The perceptions to the patient are most worrying. Should they be concerned about inexperienced clinicians doing the procedures if they’re cut price? We all know that you get what you pay for so a discounted service may be giving the signal that your staff are lesser skilled or experienced than one they can get at a more highly priced clinic. It may also signal that you are using inferior or counterfeit products.

What if low prices indicate lack of proper patient evaluation and management? We should be approaching each patient with treatments and procedures that are designed for them, their skin, their medical and lifestyle history, their anatomy, and their specific needs (also not forgetting their budget, financial consent is a must!).
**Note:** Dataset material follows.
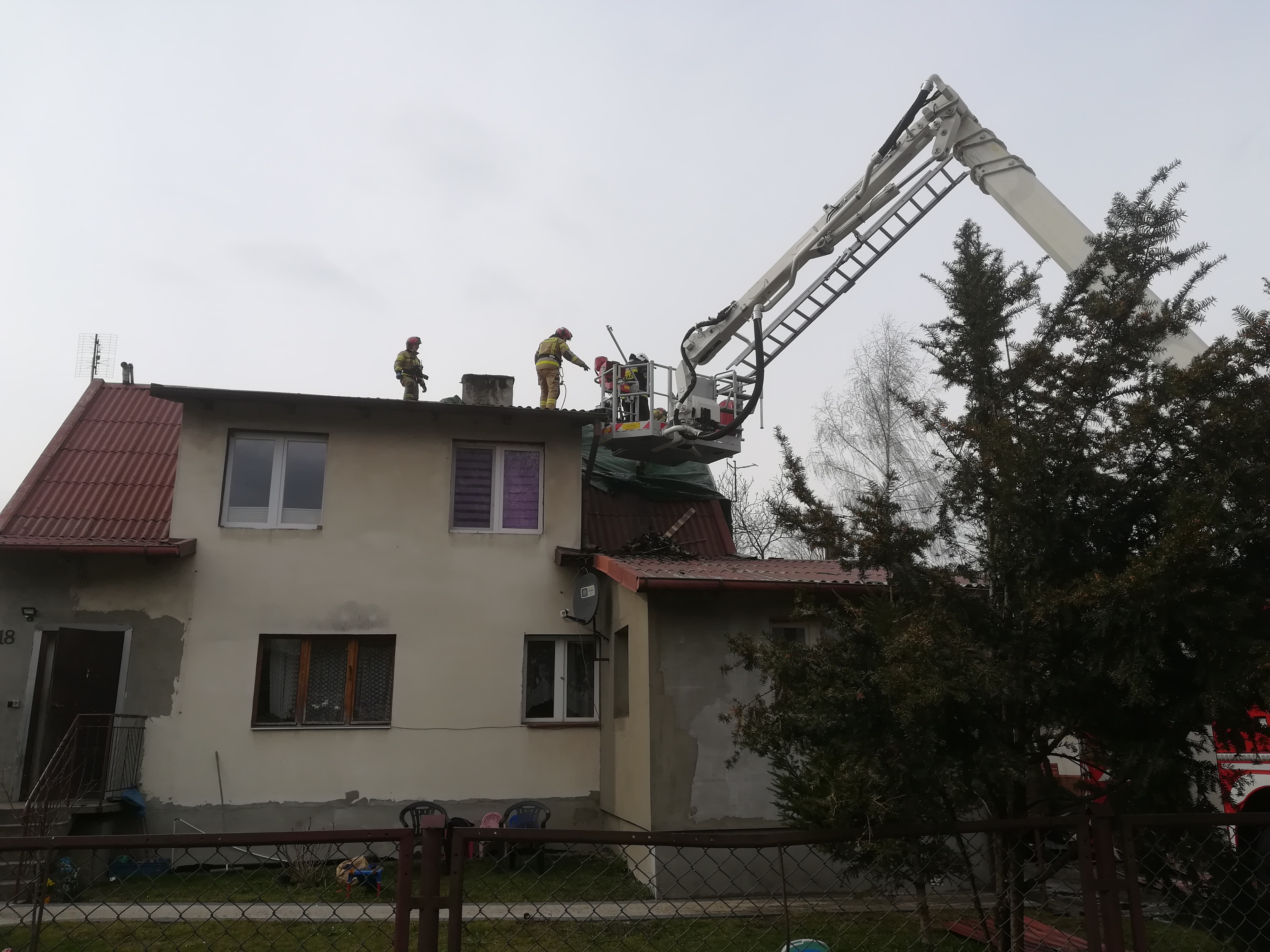 Dnia 9 kwietnia b.r. w miejscowości Nowa Kościelnica doszło do pożaru przewodu kominowego, po czym zapaleniu uległo poddasze budynku mieszkalnego. Działania straży pożarnej polegały na zabezpieczeniu miejsca zdarzenia, podanie jednego prądu wody z terenu ziemi na dach, odłączenie prądu energetycznego. Wprowadzono do wewnątrz budynku rotę wyposażoną w aparaty ochrony układu oddechowego i kamerę termowizyjną oraz linią gaśniczą. Dotarcie do źródła pożaru przez właz w suficie znajdujący się na I kondygnacji, monitorując jednocześnie temperaturę panującą na poddaszu. Natarciem wewnętrznym ustalono lokalizację pożaru na nieużytkowanym poddaszu. Działania te pozwoliły na ograniczenie rozprzestrzeniania się pożaru oraz procesu palenia. Z uwagi na wysoką temperaturę i warunki pracy ratowników, które wymuszały działania w aparatach SOUO, zabezpieczono ich wsparciem ratowników z OSP oraz wsparciem logistycznym (woda i napoje, sprzęt SOUO). Sprawdzono wszystkie pomieszczenia mieszkalne. Po oddymieniu i przewietrzeniu, przystąpiono do usunięcia spalonej części konstrukcji dachowej (krokwie, wiatrołap, płatew, poszycie deskowe) oraz pokrycie dachu. Z rozstawionego podnośnika hydraulicznego, sprawdzono wnętrze komina, uszkodzony dach zabezpieczono plandeką i łatami drewnianymi. W działaniach brały udział 4 zastępy JRG w sile 8 ratowników oraz 1 zastęp OSP Nowa Kościelnica w sile 6 ratowników.

When patients buy a service through a discount site or as a special offer (even if the procedure is not right for them) they expect the service. Even if it is clear that services are dependant on assessment, the promise of the service has already been made. Now you are damned if you do (think lip filler on a sun-damaged, fat depleted face) and damned if you don’t (think the now-unhappy patient who will complain about you, your staff, your clinic ethics all around town because they're 60-year-old face looks worse or you've declined to treat).

A clinic offering treatments at a too-good-to-be-true price, means it probably is. Neurotoxins might be diluted too much, fillers could be mixed, products may be purchased illegally, and less than adequate treatments and bad results can ensue.

Everyone loves a good deal, myself included. BUT above that, I value quality and safety and protecting the reputation of my business.